All uncommented from conf:
################################## NETWORK #####################################
bind 10.1.1.23
protected-mode no
port 6379
tcp-backlog 4096
timeout 0
tcp-keepalive 300
################################# GENERAL #####################################
daemonize yes
supervised no
pidfile /var/run/redis-6379/redis-server.pid
loglevel notice
syslog-enabled yes
syslog-ident redis-6379
syslog-facility local0
always-show-logo yes
################################ SNAPSHOTTING ################################
save ""
stop-writes-on-bgsave-error yes
rdbcompression yes
rdbchecksum yes
dbfilename dump.rdb
rdb-del-sync-files no
dir /var/lib/redis/6379
################################# REPLICATION #################################
replica-serve-stale-data yes
replica-read-only yes
repl-diskless-sync yes
repl-diskless-sync-delay 0
repl-diskless-load disabled
repl-disable-tcp-nodelay no
repl-backlog-size 32mb
replica-priority 100
############################## MEMORY MANAGEMENT ################################
maxmemory 5gb
maxmemory-policy volatile-lru
############################# LAZY FREEING ####################################
lazyfree-lazy-eviction no
lazyfree-lazy-expire no
lazyfree-lazy-server-del no
replica-lazy-flush no
lazyfree-lazy-user-del no
############################## APPEND ONLY MODE ###############################
appendonly no
appendfilename "appendonly.aof"
appendfsync everysec
no-appendfsync-on-rewrite no
auto-aof-rewrite-percentage 100
auto-aof-rewrite-min-size 64mb
aof-load-truncated yes
aof-use-rdb-preamble yes
################################ LUA SCRIPTING ###############################
lua-time-limit 5000
################################ REDIS CLUSTER ###############################
cluster-enabled yes
cluster-config-file nodes-6379.conf
cluster-node-timeout 4000
cluster-replica-validity-factor 0
cluster-migration-barrier 1
################################## SLOW LOG ###################################
slowlog-log-slower-than 10000
slowlog-max-len 128
################################ LATENCY MONITOR ##############################
latency-monitor-threshold 0
############################# EVENT NOTIFICATION ##############################
notify-keyspace-events ""
############################### ADVANCED CONFIG ###############################
hash-max-ziplist-entries 512
hash-max-ziplist-value 64
list-max-ziplist-size -2
list-compress-depth 0
set-max-intset-entries 512
zset-max-ziplist-entries 128
zset-max-ziplist-value 64
hll-sparse-max-bytes 3000
stream-node-max-bytes 4096
stream-node-max-entries 100
activerehashing yes
client-output-buffer-limit normal 0 0 0
client-output-buffer-limit replica 1024mb 256mb 60
client-output-buffer-limit pubsub 32mb 8mb 60
hz 10
dynamic-hz yes
aof-rewrite-incremental-fsync yes
rdb-save-incremental-fsync yes
########################### ACTIVE DEFRAGMENTATION #######################
jemalloc-bg-thread yes
Comment From: madolson
Is this a consistent failure or did this just happen once? Nothing looks particularly out of place here outside of a failure. Was there anything interesting in the slowlog that might have indicated why the failover took place?
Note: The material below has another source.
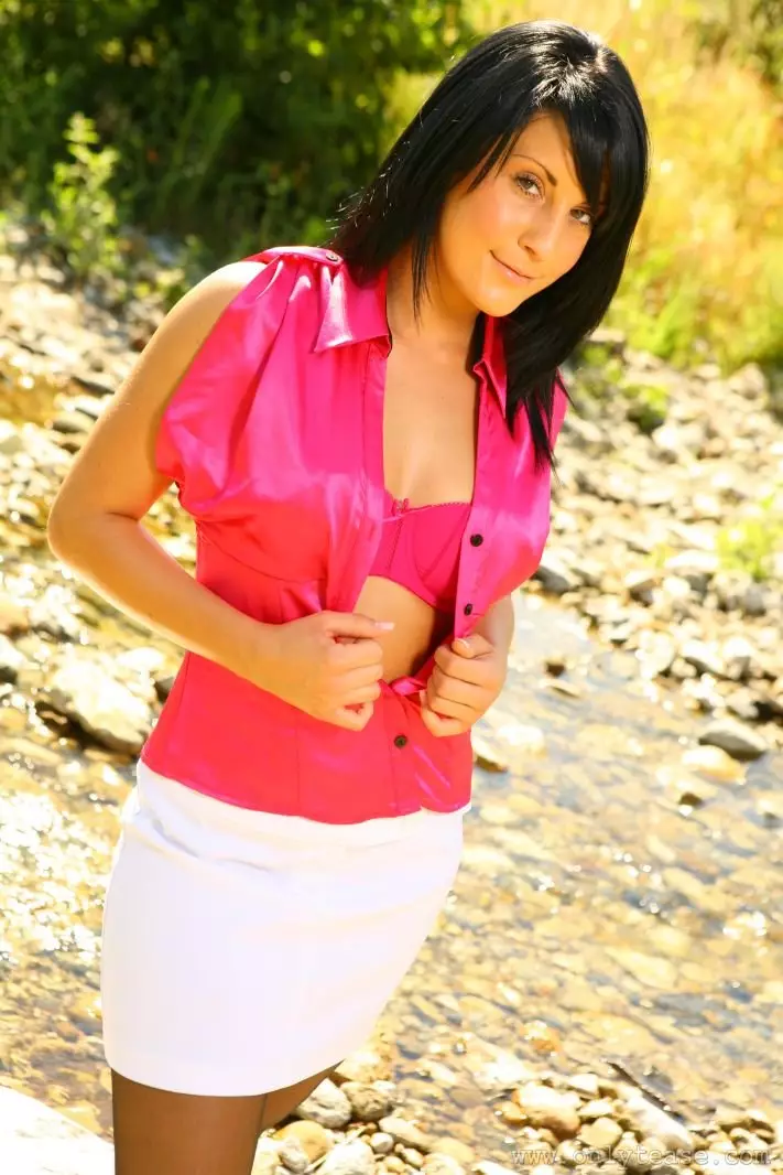 Кошечка в колготках Emily J снимает свою короткую белую юбку и лифчик на свежем воздухе — Emily J

It would be nice to have the logs from the other nodes, the ones that are unable to talk with this master when they believe it has failed.
Comment From: Lathanderjk
looks like it's caused by eviction(DEL) itself with lazyfree-lazy-eviction yes nothing happened.
Comment From: madolson
Do you have large collections in your Redis instance? One possible answer is that it spent more than 4000ms (your timeout) evicting a key. Using the lazy-free options would be a possible solution there. You could try running latency doctor to see if it has some useful data.